What to do for workgroups without full CAD access who participate in Digital Prototyping? XVL could be an answer.
Digital Prototyping (DP) is a process that enables the development of new products through “creation, validation, optimization, management and manufacturing through virtual processes.” Major CAD vendors supporting DP are encouraging a new suite of applications to implement this ideal of a streamlined digital process. Its tools include 3D modeling software, simulation, FEA and other analyses, and direct-to-machining operations.
Engine assembly in XVL Studio extends the Digital Prototyping strategy to allow immediate use of
3D solid models in animations that can be used by shop floor, maintenance and even end users.

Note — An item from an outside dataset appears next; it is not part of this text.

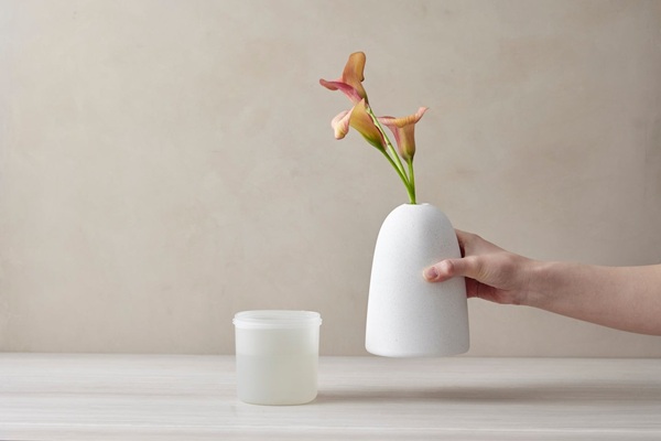 「Flower vase」は、石のように穏やかな外観と、陶器を思わせるしっとりとした質感。緩やかなカーブを描くフォルムは、主張しすぎずに花を引き立てる。カバーとカップとストレーナーにより、活け直さずに水替えができる細やかな工夫を施した。

The portfolio of applications is ambitious and laudable, and makes the idea of Digital Prototyping a reality. But in practical terms of product development, this vision of DP still excludes some from the process – those who do not have CAD seats. In the real world, there are whole departments that need to examine design data for the purposes of testing, procurement, quality checking, production planning, and assembly. A survey of the status quo will quickly reveal that these tasks are performed predominantly by reviewing or redlining paper drawings and sometimes redlining on a digital visualization, but that is by no means enough. Those same non-CAD users also need to interactively identify parts in an assembly, test them, simulate mechanical movements and annotate the data. These additional needs put a slight kink into the vision of one streamlined, trackable, paperless, and all-digital development process.
Now these employees can participate in DP if managers furnish CAD seats and training. But that isn’t happening in many firms. CAD is too expensive — and complicated to learn — to routinely justify it for people who use it only occasionally.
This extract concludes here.